* _Try it_: Below is a listing with pictures in it; transcribe exactly the lines from the one that has "出国留学网为您提供最权威的高" through the one that has "Стоманен колектор REHAU", and omit those pictures.
++++ Data extract ++++
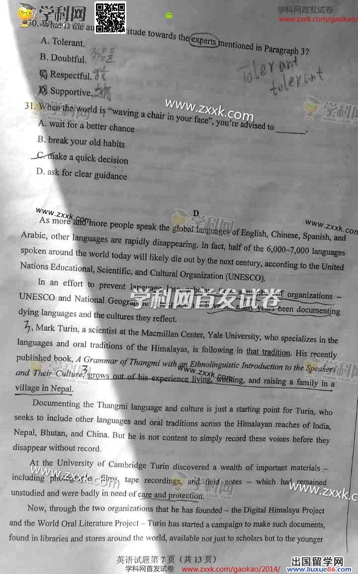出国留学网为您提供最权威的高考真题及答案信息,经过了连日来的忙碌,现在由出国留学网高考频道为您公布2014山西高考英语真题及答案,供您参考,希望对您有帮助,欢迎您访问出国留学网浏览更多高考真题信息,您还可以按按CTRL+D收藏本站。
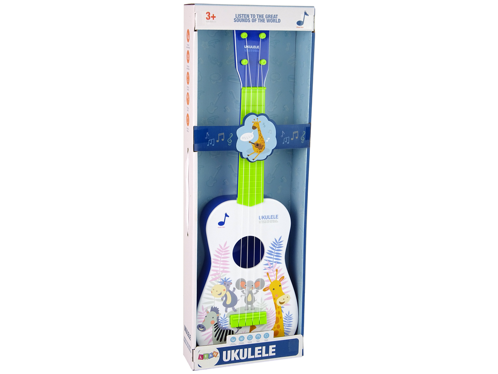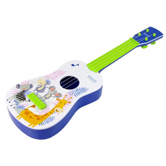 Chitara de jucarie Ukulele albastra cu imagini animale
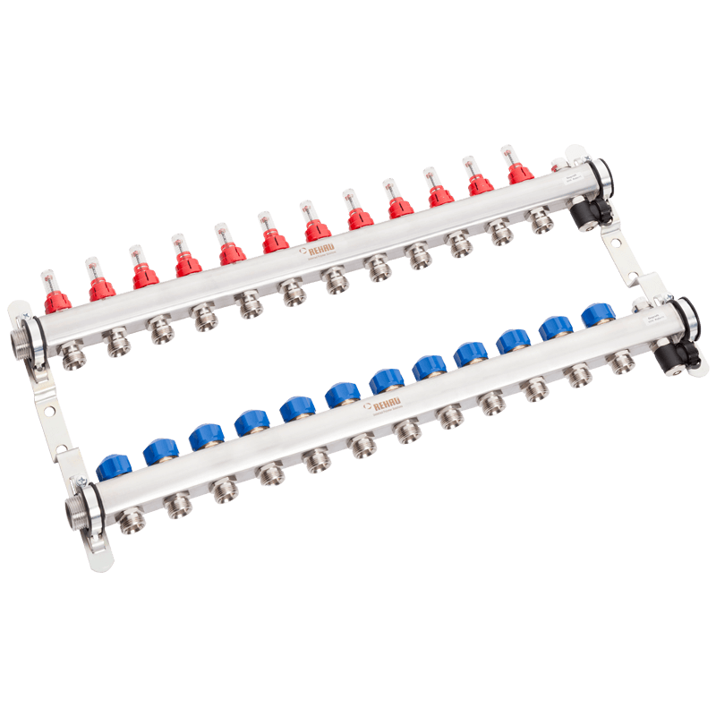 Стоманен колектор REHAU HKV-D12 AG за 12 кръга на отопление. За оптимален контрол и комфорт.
++++
++++ Data extract ++++
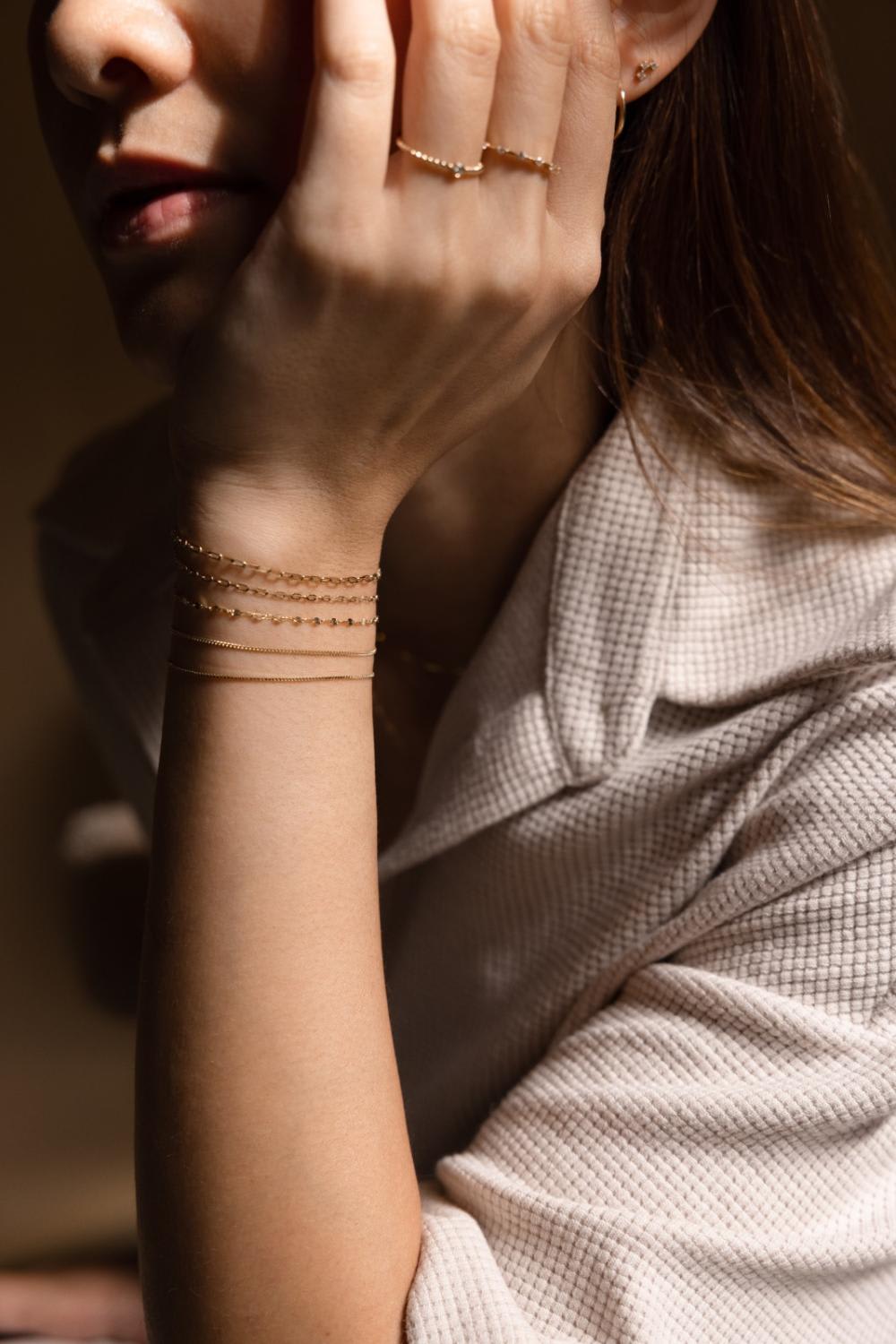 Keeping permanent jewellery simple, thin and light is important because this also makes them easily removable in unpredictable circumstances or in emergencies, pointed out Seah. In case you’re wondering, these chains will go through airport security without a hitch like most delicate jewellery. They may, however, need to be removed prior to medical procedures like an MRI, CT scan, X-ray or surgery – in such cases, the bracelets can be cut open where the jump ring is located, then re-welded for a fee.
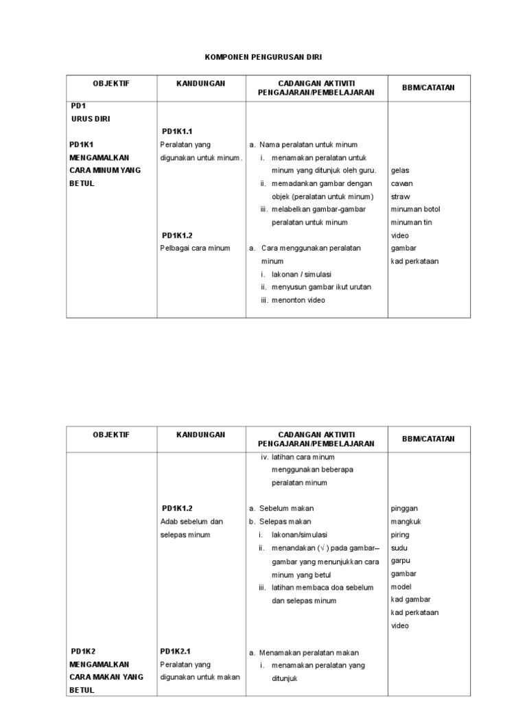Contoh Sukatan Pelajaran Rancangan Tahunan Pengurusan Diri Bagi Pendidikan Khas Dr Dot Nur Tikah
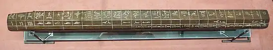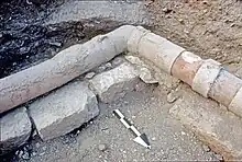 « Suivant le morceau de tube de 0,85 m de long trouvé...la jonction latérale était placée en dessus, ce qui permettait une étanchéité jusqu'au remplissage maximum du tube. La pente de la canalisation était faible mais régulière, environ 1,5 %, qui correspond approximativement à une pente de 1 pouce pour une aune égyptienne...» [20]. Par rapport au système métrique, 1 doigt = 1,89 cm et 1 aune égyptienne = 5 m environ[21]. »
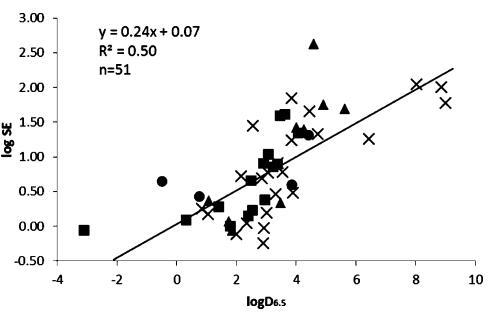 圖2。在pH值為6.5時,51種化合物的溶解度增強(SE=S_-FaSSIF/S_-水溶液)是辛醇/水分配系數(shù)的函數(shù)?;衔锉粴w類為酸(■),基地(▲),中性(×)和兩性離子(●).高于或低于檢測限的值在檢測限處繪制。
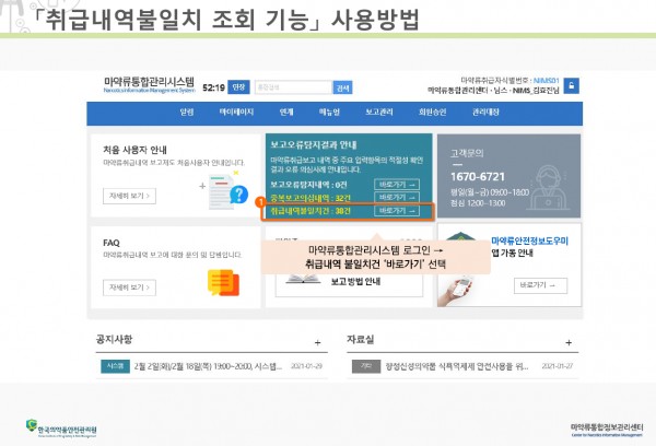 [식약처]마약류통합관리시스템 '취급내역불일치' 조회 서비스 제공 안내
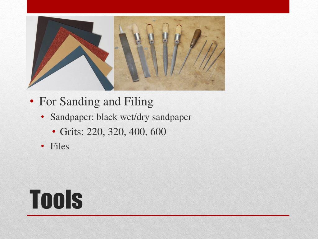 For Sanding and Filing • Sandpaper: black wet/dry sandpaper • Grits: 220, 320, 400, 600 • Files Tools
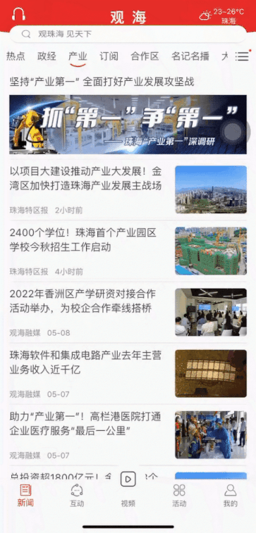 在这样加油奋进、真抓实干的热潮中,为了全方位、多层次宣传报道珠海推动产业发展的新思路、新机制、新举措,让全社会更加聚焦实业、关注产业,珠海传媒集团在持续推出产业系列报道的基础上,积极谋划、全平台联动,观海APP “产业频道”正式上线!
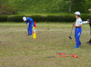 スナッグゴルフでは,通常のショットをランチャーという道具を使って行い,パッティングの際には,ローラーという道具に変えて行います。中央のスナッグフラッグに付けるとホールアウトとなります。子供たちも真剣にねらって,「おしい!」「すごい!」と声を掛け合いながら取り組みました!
++++
* _Output for this task_:
出国留学网为您提供最权威的高考真题及答案信息,经过了连日来的忙碌,现在由出国留学网高考频道为您公布2014山西高考英语真题及答案,供您参考,希望对您有帮助,欢迎您访问出国留学网浏览更多高考真题信息,您还可以按按CTRL+D收藏本站。
 Chitara de jucarie Ukulele albastra cu imagini animale
 Стоманен колектор REHAU HKV-D12 AG за 12 кръга на отопление. За оптимален контрол и комфорт.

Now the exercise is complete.